You might think she looks tiny - and she is - sitting here on top of a dry fountain in the early fall sun. Lilo is about six pounds, which is actually about twice as big as she was when we adopted her. We think she's so small because of all the time on the street, since all the other Bengals we know are monsters - like her adopted brother and sister.

The last two are twins - brother and sister we got from the same breeder - SnoPride in Roseburg, OR - Moochie (boy) and Sera (girl - short for Serendipity).

Here's Moochie.

Mooch is a ham - I have never seen a cat make love to a camera like he does. Trust me - if a human acted this way you'd think he did porn for a living.

He also has the largest claws I have ever seen on a domestic cat. Of course, at 19 pounds and lithe - not overweight at all - the use of the word domestic applied to him is debatable. As you can tell from the picture above he's about as tall as I am - and you think I'm kidding but I'm not. The other thing you need to know about Moochie is he apparently speaks about 75 dialects of cat. Seriously, he makes sounds you have never heard before - and he comes up with new ones all the time. Half the time his sisters look at him with a face that says "What the hell did you just say? That's not any language I know!" That in and of itself is damn funny.
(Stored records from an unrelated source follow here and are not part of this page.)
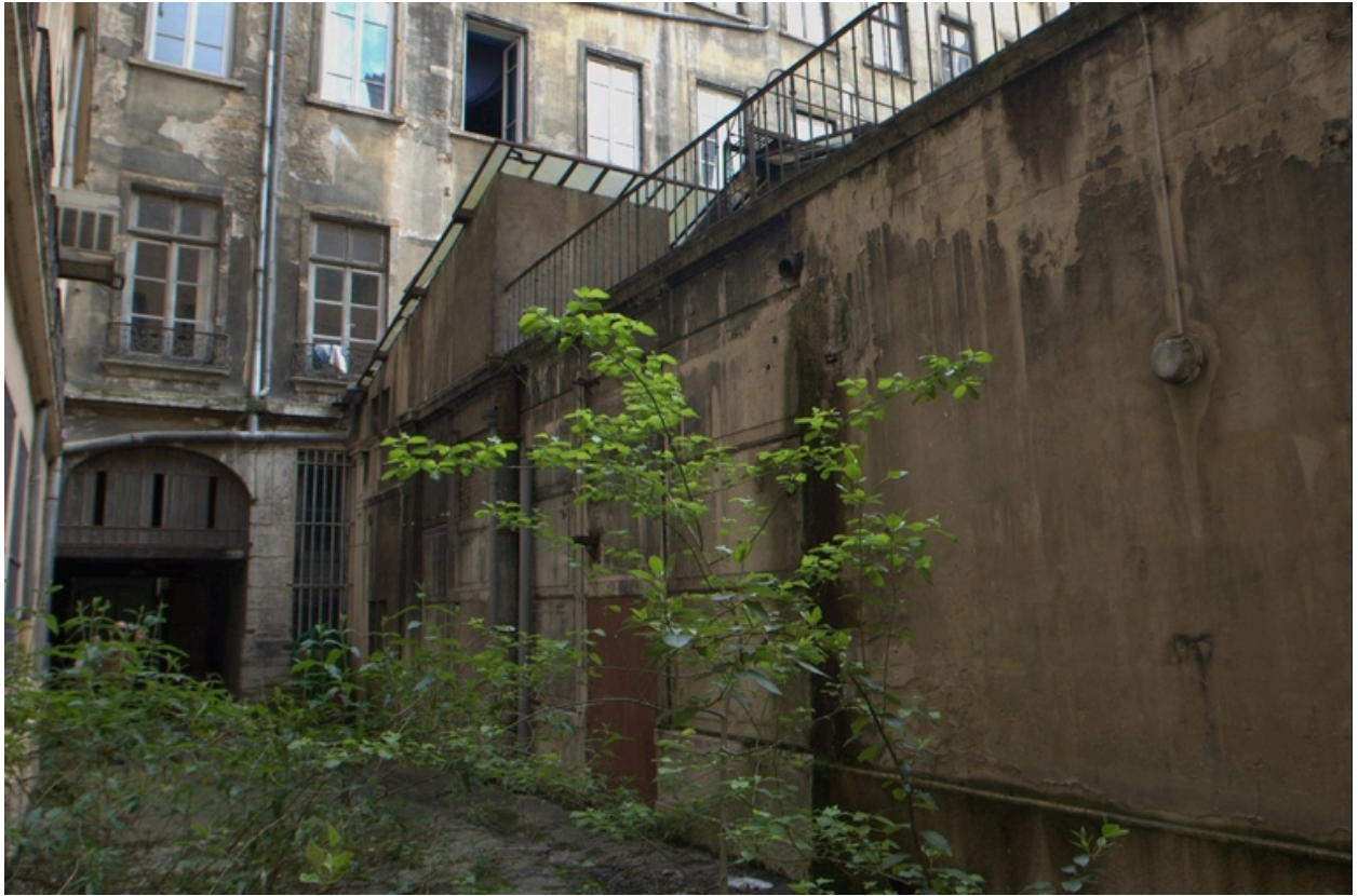
vue d'ensemble est
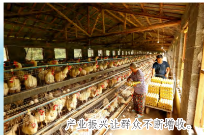
产业振兴让群众不断增收。
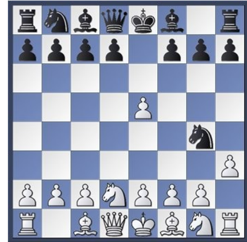
Piège / Gain matériel
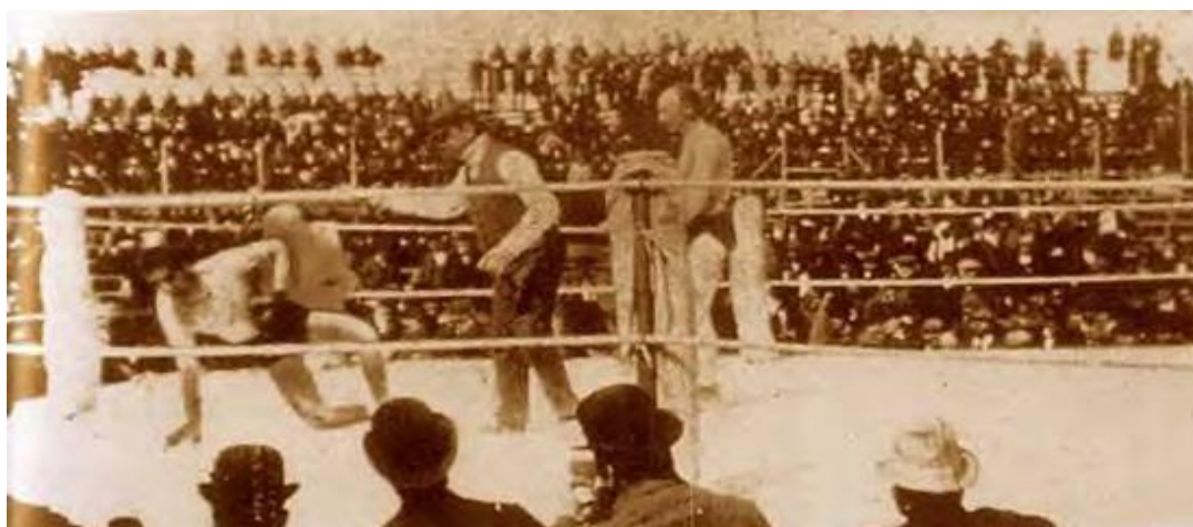
Figura 6: frame do filme The Corbett-Fitzsimmons Fight : um dos primeiros filmes em widescreen

Fernão Pessoa Ramos conta que os irmãos Lumière e seus operadores talvez tenham sido os primeiros cineastas pois “exploravam com incrível agilidade as potencialidades estéticas da imagem-câmera produtora de imagem móvel e inaugurando um padrão imagético: movimento em profundidade de campo, primeiros planos, entrada e saída de campo e, mais do que tudo, um enquadramento refinado” (RAMOS, 1996, p. 143).
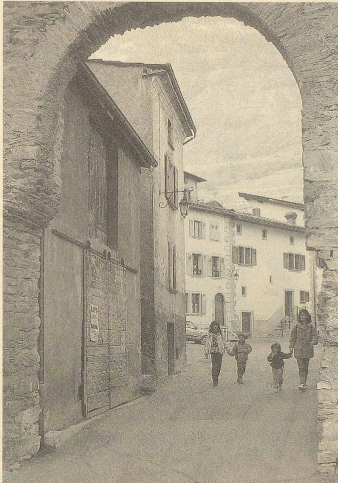
Saillon im sonnigen Wallis – die Heimat von Fälschmünzer Farinet.

späteren Anfertigung von Werken im Stil eines alten Meisters der Fall klar. Bei Fälschungen im Kunsthandel ist weniger das genaue Kopieren (wie bei Banknoten) gefragt, sondern die Imitation mit Imagination: Kunstfälscher müssen sich in vergangene Jahrhunderte zurückversetzen, handwerkliches Geschick mit historischen Kenntnissen verbinden. Gelingt die Fälschung perfekt, ist sie ihrerseits ein kleines Meisterwerk.
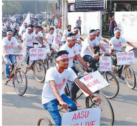
गुवाहाटी में नागरिकता बिल के विरोध में साइकिल रैली निकालने असम स्टूडेंट युनिवर्स के सदस्य

चंद्रपुर (भाषा)। महाराष्ट्र के चंद्रपुर जिले से एक महिला सहित तीन लोगों को काला जादू करने के आरोप में गिरफ्तार किया गया है। पुलिस से बचने के लिए यहाँ भाग आया। संसद
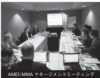
AMEI/MMA マネージメントミーティング
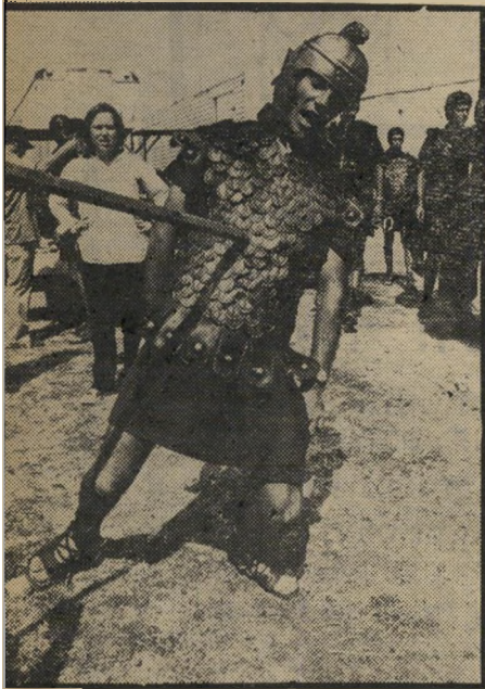
ז'ר "כך מת חייל רומי" מתלוצץ ניצב ישראלי, אחד המשתתפים ברט, רגע לפני תחילת העבודה.
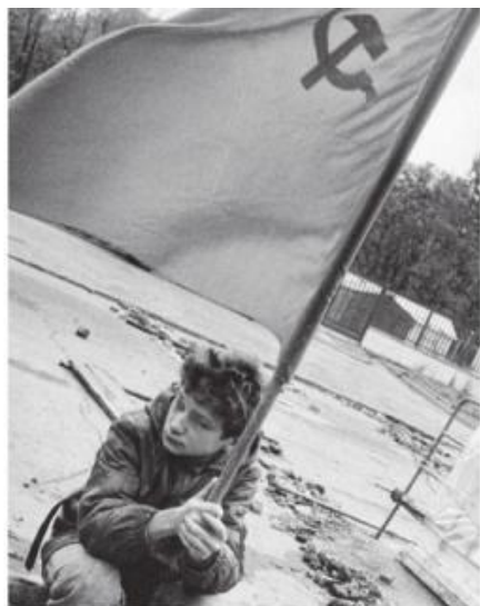
На улицах Москвы
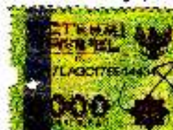
EKA RAHMAWATI NIM 12011005
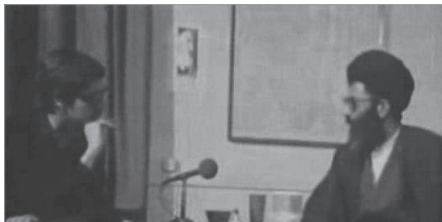
بازدید آیت‌الله خامنه‌ای از لانه جاسوسی آمریکا و صحبت با یکی از جاسوسان آمریکایی
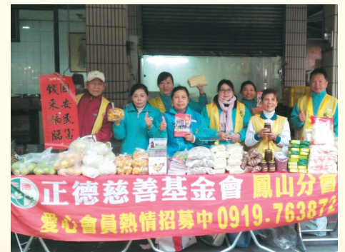
▲鳳山分會·五甲凱旋市場義賣。
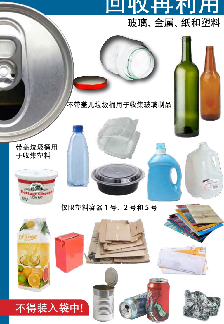
不带盖儿垃圾桶用于收集玻璃制品
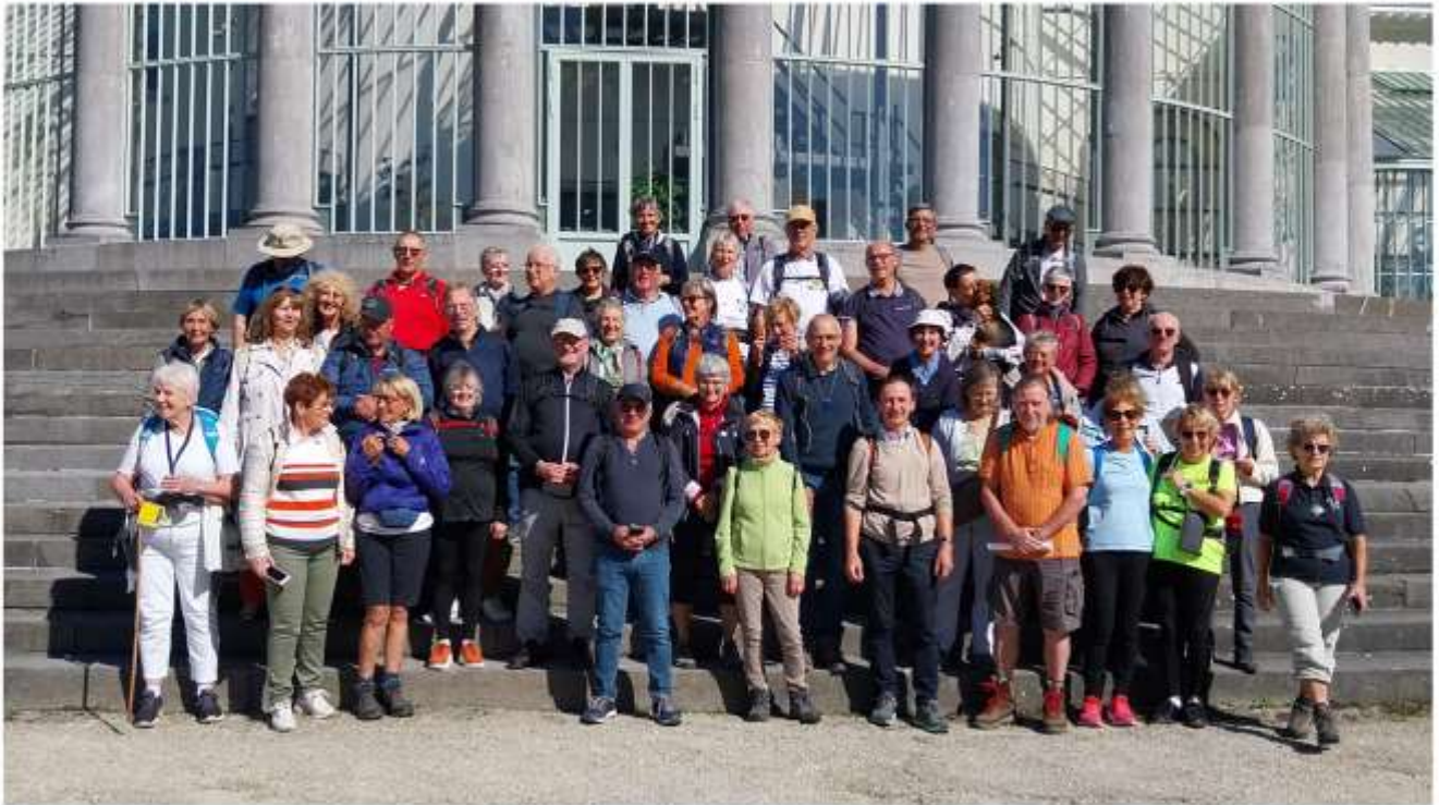
Traversée de Bruxelles par la Via Brabantica, en compagnie de nos amis de l'association Saint-Jacques en Boulangrie (24 septembre 2023)

Sera isn't as much of a camera lover, but she has her moments.

You know how some cats think of themselves as royalty and everyone else is just the help? If Sera was human she would literally be the Queen of Sheba (I honestly have no idea if that was a real person, but you get the point). Sera believes all pedestals were made for her queenliness and if she deems your lap worthy of her attentions you damn well better appreciate it.

She also is very, very, very proud of her claws and keeps them sharpened like razor blades. Literally. Those things slice through flesh so fast you don't know you have been cut until a few minutes later when you notice blood all over the place. And then it starts to hurt. Just look at that picture. Ten minutes before the Nikon snapped that tennis ball was brand new.

So why introduce the world to our kids? Well, besides the fact they are just as cute as can be and make us laugh with their crazy on a regular basis, it's setting up some future writing. Trust me, it'll be good. I'm thinking about looking into the souls of these fine animals to see what they can tell us about life. Literally, tell us - that's your hint. Not literally looking into their souls - that would be rude, and probably disgusting.

Does that not make any sense? No? Good, it will keep you interested. And you'll see in the coming weeks what I'm planning.